[HN Gopher] Apple Intelligence notification summaries are pretty...
___________________________________________________________________
Apple Intelligence notification summaries are pretty bad
Author : voytec
Score : 30 points
Date : 2024-11-18 19:38 UTC (3 hours ago)
(HTM) web link (arstechnica.com)
(TXT) w3m dump (arstechnica.com)
| whycome wrote:
| Incidentally, I turned this off today. I suspect it's terrible on
| battery life and I will find out. But the thing about the
| summaries that was they would sometimes imply the EXACT OPPOSITE
| of what was in a message. I had a few stomach-dropping moments
| when reading the summaries only for me to read the actual thread
| to see it was nowhere close. This is one of "it's not even wrong"

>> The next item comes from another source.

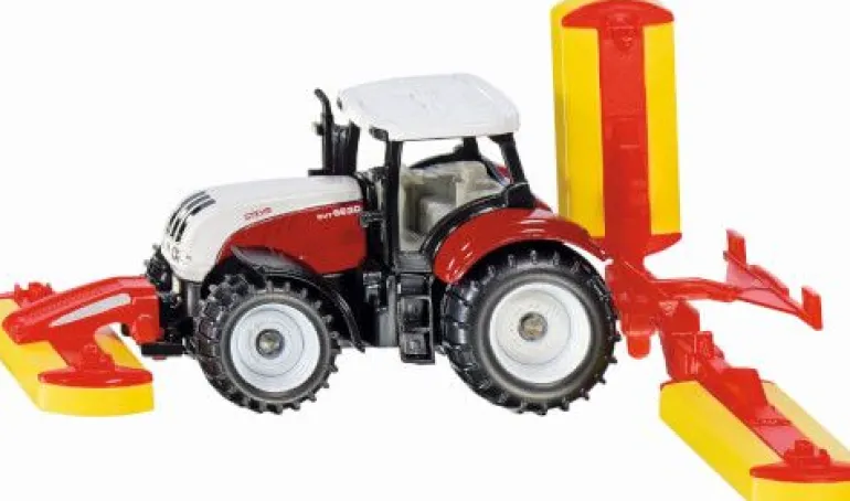 Eine neuartige Kombination bereichert das SIKU-Sortiment im kleinen Maßstab. Die Grünland-Erntekette ist nun mit dem Steyr Traktor und der Pöttinger Mähwerkskombination komplett. Die Mähwerke sind abnehmbar, sodass der Traktor auch zu anderen Aufgaben zur Verfügung steht. Das Heckmähwerk ist für den Strassentransport klappbar. Ab 3 Jahren.
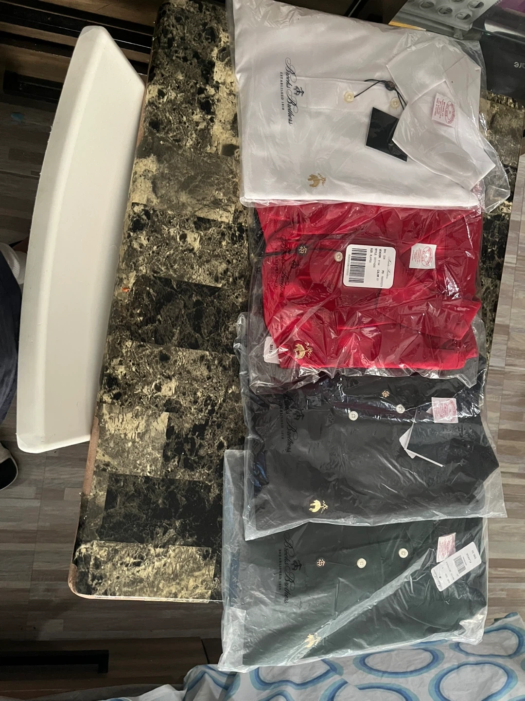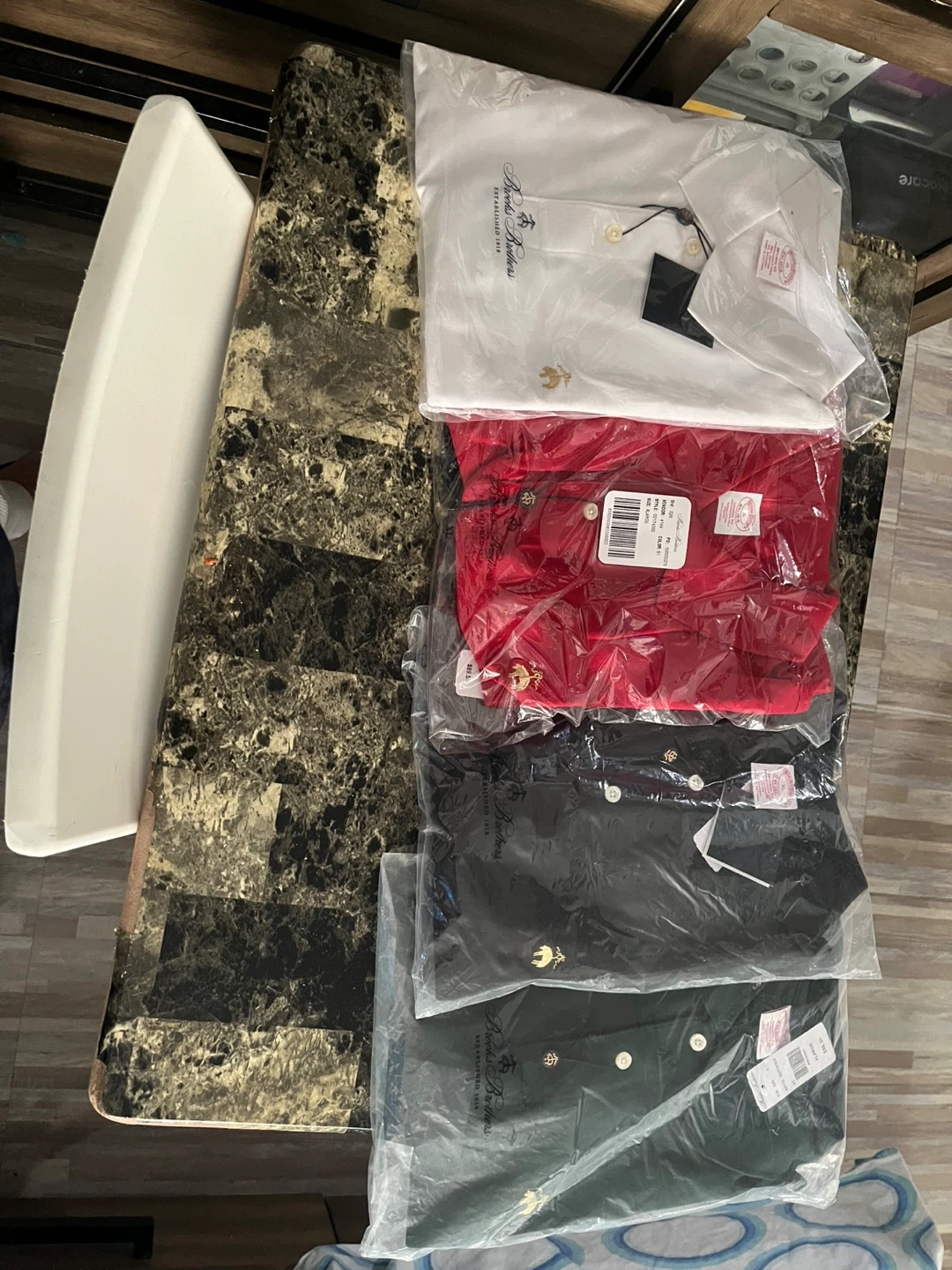 18I have a brand new Brooks Brothers polo shirt for sale! It's a vibrant red white black blue colors and still in its original packaging. The shirt features the classic Brooks Brothers logo. Originally bought for $89.50

| situations and I don't know how it was fucked up this badly. The
| nature of the texts themselves weren't complicated either. I
| didn't save them, but I suspect it stemmed from misinterpretating
| some subtle omission (like our common practice of leaving out
| articles or pronouns).
| jiggawatts wrote:
| The current AIs are pretty bad at handling negation especially
| when the models are small and quantised. To be fair, so are
| humans: double, triple, or even higher negatives can trip
| people up.
|
| This effect of smaller models being bad at negation is most
| obvious in image generators, most of which are only a handful
| of gigabytes in size. If you ask one for "don't show an
| elephant next to the circus tent!" then you will definitely get
| an elephant.
| echoangle wrote:
| Isn't the negative prompting thing with image generators just
| how they work? As far as I understand, the problem is that
| training data isn't normally annotated with ,,no elephant"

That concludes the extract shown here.